Applied linguists will then develop more effective syllabi with didactic materials and exercises especially devised to practise the most difficult features of a language and what is more new prospects will be revealed in the field of computer assisted self-study.
Learner corpora are now popular and well-known among teachers, especially in the English as Foreign Language field, but there is still a lot to do to introduce them in the didactic practice of Italian as a foreign language.

The example of VALICO
VALICO (Varietà di Apprendimento della Lingua Italiana: Corpus Online, i.e. 'Online Corpus of the Learning Varieties of the Italian Language') is meant to be a tool serving to all kinds of users, in particular one of its main goals is to involve teachers to the active implementation of the corpus, not only collecting texts, but also experimenting corpus-based exercises.
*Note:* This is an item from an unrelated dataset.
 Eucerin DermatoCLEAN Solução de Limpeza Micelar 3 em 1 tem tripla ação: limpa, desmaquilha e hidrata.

Since among the possible outcomes of a learner corpus, both from a theoretical and a practical point of view, there is the detection of the most frequent learners' errors it is important to rely on a set of sociolinguistic data to determine the learners' profiles. Therefore the architecture of VALICO enables the user to query the texts selecting the learners' age, gender, proficiency in Italian, knowledge of other languages, mother tongue…), but it contains information about the textual type as well and most of all it makes it possible to identify the group the one or the other student belongs to.
In order to compare learners coming from different countries it is necessary to give them a common stimulus to elicit the texts, in such a way researchers will be able to measure the proficiency of a student up to the one of another student starting from a common and partly predictable basis.
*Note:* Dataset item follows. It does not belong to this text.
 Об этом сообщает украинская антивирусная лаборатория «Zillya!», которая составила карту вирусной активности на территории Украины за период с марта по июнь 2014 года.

As far as the contents of VALICO are concerned, it is a twofold corpus: on the one hand it is a general survey of what teachers of Italian around the world ask their students to write, on the other hand it contains a more structured collection of data elicited on the base of comic strips.
So for instance we can query the corpus according to the Part Of Speech, e.g. the use of imperfect tense, in German learners of 20 years old, who have been studying Italian for three years, who can also speak English and have written a text describing a comic strip without using any dictionary. And then we can ask the same query changing the mother tongue of the learners and compare the two different groups.
The implementation of VALICO involved a number of university students who helped in the upload of the data. They specialised in transcribing the hand-written texts and therefore they became aware of the possible kinds of errors a learner can make, but also they were forced to think about the causes of those errors and they were invited to reflect on the variation in vocabulary use, on syntactic structures, on avoiding strategies and on the concept of linguistic norm and acceptability. This was an extremely useful training activity for future teachers of Italian as a foreign language, as once they will be on the other side of the desk they will be able to manage some phenomena they have already got in contact with.